--- Given information ---

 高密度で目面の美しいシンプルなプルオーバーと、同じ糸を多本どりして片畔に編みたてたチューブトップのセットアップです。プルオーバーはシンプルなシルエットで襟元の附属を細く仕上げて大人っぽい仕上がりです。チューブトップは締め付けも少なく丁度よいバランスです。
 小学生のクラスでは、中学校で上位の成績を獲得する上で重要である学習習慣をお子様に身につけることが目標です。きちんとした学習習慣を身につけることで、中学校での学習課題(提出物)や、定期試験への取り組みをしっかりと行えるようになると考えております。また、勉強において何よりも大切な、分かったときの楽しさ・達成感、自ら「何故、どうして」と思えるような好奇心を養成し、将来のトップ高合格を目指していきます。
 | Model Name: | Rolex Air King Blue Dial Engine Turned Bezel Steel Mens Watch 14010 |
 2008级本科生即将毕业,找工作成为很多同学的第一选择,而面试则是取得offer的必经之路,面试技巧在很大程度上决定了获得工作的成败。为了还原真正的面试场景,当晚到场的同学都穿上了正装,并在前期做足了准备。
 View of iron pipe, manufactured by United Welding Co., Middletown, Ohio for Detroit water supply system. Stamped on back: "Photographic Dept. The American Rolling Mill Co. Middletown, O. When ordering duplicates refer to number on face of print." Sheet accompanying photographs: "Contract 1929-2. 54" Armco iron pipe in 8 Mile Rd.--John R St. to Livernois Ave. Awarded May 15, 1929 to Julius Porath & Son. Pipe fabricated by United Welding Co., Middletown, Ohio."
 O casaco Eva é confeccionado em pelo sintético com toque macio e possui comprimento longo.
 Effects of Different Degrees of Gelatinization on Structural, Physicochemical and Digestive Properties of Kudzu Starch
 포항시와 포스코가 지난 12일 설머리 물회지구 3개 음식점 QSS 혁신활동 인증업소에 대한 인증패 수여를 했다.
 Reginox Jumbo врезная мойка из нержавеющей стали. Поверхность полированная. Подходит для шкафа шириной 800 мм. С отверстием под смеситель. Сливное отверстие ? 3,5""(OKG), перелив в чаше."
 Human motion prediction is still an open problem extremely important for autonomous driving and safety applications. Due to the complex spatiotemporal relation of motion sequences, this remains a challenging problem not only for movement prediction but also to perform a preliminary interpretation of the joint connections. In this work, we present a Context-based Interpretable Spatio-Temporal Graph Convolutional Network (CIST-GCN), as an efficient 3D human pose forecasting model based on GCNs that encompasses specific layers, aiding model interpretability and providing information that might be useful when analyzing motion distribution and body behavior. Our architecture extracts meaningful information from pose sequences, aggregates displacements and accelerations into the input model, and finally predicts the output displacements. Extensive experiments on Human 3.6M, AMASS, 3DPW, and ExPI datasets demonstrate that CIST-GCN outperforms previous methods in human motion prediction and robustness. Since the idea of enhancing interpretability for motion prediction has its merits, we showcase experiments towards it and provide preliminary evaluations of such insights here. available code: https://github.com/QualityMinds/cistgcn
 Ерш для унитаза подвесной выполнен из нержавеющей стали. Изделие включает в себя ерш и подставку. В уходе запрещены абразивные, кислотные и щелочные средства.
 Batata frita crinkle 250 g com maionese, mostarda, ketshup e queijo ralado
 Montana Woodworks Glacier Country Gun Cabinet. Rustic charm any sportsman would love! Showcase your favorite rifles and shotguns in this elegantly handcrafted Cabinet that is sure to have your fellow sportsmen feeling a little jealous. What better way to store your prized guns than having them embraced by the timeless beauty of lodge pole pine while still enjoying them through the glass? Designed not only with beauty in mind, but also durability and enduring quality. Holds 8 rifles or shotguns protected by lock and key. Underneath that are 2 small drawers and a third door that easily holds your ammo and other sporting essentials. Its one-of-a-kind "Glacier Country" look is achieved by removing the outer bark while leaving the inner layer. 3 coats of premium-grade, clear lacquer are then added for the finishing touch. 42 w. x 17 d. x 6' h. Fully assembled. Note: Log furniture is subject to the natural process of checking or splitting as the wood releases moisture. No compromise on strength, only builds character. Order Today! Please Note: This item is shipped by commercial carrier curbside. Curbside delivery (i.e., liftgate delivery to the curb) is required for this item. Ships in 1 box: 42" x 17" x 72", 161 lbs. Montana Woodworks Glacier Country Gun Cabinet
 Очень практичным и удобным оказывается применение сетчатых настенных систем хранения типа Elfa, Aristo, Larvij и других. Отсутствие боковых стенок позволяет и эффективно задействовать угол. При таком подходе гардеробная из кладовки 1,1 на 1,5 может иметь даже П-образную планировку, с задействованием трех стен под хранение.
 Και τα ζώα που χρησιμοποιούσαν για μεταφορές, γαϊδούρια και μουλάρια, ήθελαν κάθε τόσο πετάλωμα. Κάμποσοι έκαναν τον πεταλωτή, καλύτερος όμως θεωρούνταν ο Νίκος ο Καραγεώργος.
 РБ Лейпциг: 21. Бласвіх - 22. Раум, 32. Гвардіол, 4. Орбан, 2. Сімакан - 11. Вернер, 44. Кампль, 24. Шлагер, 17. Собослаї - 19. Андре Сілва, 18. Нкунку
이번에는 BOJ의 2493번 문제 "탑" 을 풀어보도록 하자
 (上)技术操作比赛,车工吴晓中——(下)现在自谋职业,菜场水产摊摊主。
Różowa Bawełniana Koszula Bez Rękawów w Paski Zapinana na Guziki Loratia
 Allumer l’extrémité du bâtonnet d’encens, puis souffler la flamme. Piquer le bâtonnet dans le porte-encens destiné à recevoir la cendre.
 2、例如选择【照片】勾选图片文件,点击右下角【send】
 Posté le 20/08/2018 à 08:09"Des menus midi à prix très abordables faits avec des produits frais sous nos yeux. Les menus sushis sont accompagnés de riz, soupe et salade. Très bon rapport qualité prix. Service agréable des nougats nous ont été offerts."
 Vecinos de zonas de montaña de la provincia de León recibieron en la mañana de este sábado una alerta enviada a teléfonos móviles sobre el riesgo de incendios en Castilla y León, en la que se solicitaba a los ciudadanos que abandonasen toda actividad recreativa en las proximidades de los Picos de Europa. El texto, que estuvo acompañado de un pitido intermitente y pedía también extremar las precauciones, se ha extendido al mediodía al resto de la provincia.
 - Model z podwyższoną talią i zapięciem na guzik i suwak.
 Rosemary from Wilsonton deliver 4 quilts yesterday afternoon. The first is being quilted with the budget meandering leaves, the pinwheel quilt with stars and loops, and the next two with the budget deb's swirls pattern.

---

Send back the whole listing above exactly, please.

Written answer
 高密度で目面の美しいシンプルなプルオーバーと、同じ糸を多本どりして片畔に編みたてたチューブトップのセットアップです。プルオーバーはシンプルなシルエットで襟元の附属を細く仕上げて大人っぽい仕上がりです。チューブトップは締め付けも少なく丁度よいバランスです。
 小学生のクラスでは、中学校で上位の成績を獲得する上で重要である学習習慣をお子様に身につけることが目標です。きちんとした学習習慣を身につけることで、中学校での学習課題(提出物)や、定期試験への取り組みをしっかりと行えるようになると考えております。また、勉強において何よりも大切な、分かったときの楽しさ・達成感、自ら「何故、どうして」と思えるような好奇心を養成し、将来のトップ高合格を目指していきます。
 | Model Name: | Rolex Air King Blue Dial Engine Turned Bezel Steel Mens Watch 14010 |
 2008级本科生即将毕业,找工作成为很多同学的第一选择,而面试则是取得offer的必经之路,面试技巧在很大程度上决定了获得工作的成败。为了还原真正的面试场景,当晚到场的同学都穿上了正装,并在前期做足了准备。
 View of iron pipe, manufactured by United Welding Co., Middletown, Ohio for Detroit water supply system. Stamped on back: "Photographic Dept. The American Rolling Mill Co. Middletown, O. When ordering duplicates refer to number on face of print." Sheet accompanying photographs: "Contract 1929-2. 54" Armco iron pipe in 8 Mile Rd.--John R St. to Livernois Ave. Awarded May 15, 1929 to Julius Porath & Son. Pipe fabricated by United Welding Co., Middletown, Ohio."
 O casaco Eva é confeccionado em pelo sintético com toque macio e possui comprimento longo.
 Effects of Different Degrees of Gelatinization on Structural, Physicochemical and Digestive Properties of Kudzu Starch
 포항시와 포스코가 지난 12일 설머리 물회지구 3개 음식점 QSS 혁신활동 인증업소에 대한 인증패 수여를 했다.
 Reginox Jumbo врезная мойка из нержавеющей стали. Поверхность полированная. Подходит для шкафа шириной 800 мм. С отверстием под смеситель. Сливное отверстие ? 3,5""(OKG), перелив в чаше."
 Human motion prediction is still an open problem extremely important for autonomous driving and safety applications. Due to the complex spatiotemporal relation of motion sequences, this remains a challenging problem not only for movement prediction but also to perform a preliminary interpretation of the joint connections. In this work, we present a Context-based Interpretable Spatio-Temporal Graph Convolutional Network (CIST-GCN), as an efficient 3D human pose forecasting model based on GCNs that encompasses specific layers, aiding model interpretability and providing information that might be useful when analyzing motion distribution and body behavior. Our architecture extracts meaningful information from pose sequences, aggregates displacements and accelerations into the input model, and finally predicts the output displacements. Extensive experiments on Human 3.6M, AMASS, 3DPW, and ExPI datasets demonstrate that CIST-GCN outperforms previous methods in human motion prediction and robustness. Since the idea of enhancing interpretability for motion prediction has its merits, we showcase experiments towards it and provide preliminary evaluations of such insights here. available code: https://github.com/QualityMinds/cistgcn
 Ерш для унитаза подвесной выполнен из нержавеющей стали. Изделие включает в себя ерш и подставку. В уходе запрещены абразивные, кислотные и щелочные средства.
 Batata frita crinkle 250 g com maionese, mostarda, ketshup e queijo ralado
 Montana Woodworks Glacier Country Gun Cabinet. Rustic charm any sportsman would love! Showcase your favorite rifles and shotguns in this elegantly handcrafted Cabinet that is sure to have your fellow sportsmen feeling a little jealous. What better way to store your prized guns than having them embraced by the timeless beauty of lodge pole pine while still enjoying them through the glass? Designed not only with beauty in mind, but also durability and enduring quality. Holds 8 rifles or shotguns protected by lock and key. Underneath that are 2 small drawers and a third door that easily holds your ammo and other sporting essentials. Its one-of-a-kind "Glacier Country" look is achieved by removing the outer bark while leaving the inner layer. 3 coats of premium-grade, clear lacquer are then added for the finishing touch. 42 w. x 17 d. x 6' h. Fully assembled. Note: Log furniture is subject to the natural process of checking or splitting as the wood releases moisture. No compromise on strength, only builds character. Order Today! Please Note: This item is shipped by commercial carrier curbside. Curbside delivery (i.e., liftgate delivery to the curb) is required for this item. Ships in 1 box: 42" x 17" x 72", 161 lbs. Montana Woodworks Glacier Country Gun Cabinet
 Очень практичным и удобным оказывается применение сетчатых настенных систем хранения типа Elfa, Aristo, Larvij и других. Отсутствие боковых стенок позволяет и эффективно задействовать угол. При таком подходе гардеробная из кладовки 1,1 на 1,5 может иметь даже П-образную планировку, с задействованием трех стен под хранение.
 Και τα ζώα που χρησιμοποιούσαν για μεταφορές, γαϊδούρια και μουλάρια, ήθελαν κάθε τόσο πετάλωμα. Κάμποσοι έκαναν τον πεταλωτή, καλύτερος όμως θεωρούνταν ο Νίκος ο Καραγεώργος.
 РБ Лейпциг: 21. Бласвіх - 22. Раум, 32. Гвардіол, 4. Орбан, 2. Сімакан - 11. Вернер, 44. Кампль, 24. Шлагер, 17. Собослаї - 19. Андре Сілва, 18. Нкунку
이번에는 BOJ의 2493번 문제 "탑" 을 풀어보도록 하자
 (上)技术操作比赛,车工吴晓中——(下)现在自谋职业,菜场水产摊摊主。
Różowa Bawełniana Koszula Bez Rękawów w Paski Zapinana na Guziki Loratia
 Allumer l’extrémité du bâtonnet d’encens, puis souffler la flamme. Piquer le bâtonnet dans le porte-encens destiné à recevoir la cendre.
 2、例如选择【照片】勾选图片文件,点击右下角【send】
 Posté le 20/08/2018 à 08:09"Des menus midi à prix très abordables faits avec des produits frais sous nos yeux. Les menus sushis sont accompagnés de riz, soupe et salade. Très bon rapport qualité prix. Service agréable des nougats nous ont été offerts."
 Vecinos de zonas de montaña de la provincia de León recibieron en la mañana de este sábado una alerta enviada a teléfonos móviles sobre el riesgo de incendios en Castilla y León, en la que se solicitaba a los ciudadanos que abandonasen toda actividad recreativa en las proximidades de los Picos de Europa. El texto, que estuvo acompañado de un pitido intermitente y pedía también extremar las precauciones, se ha extendido al mediodía al resto de la provincia.
 - Model z podwyższoną talią i zapięciem na guzik i suwak.
 Rosemary from Wilsonton deliver 4 quilts yesterday afternoon. The first is being quilted with the budget meandering leaves, the pinwheel quilt with stars and loops, and the next two with the budget deb's swirls pattern.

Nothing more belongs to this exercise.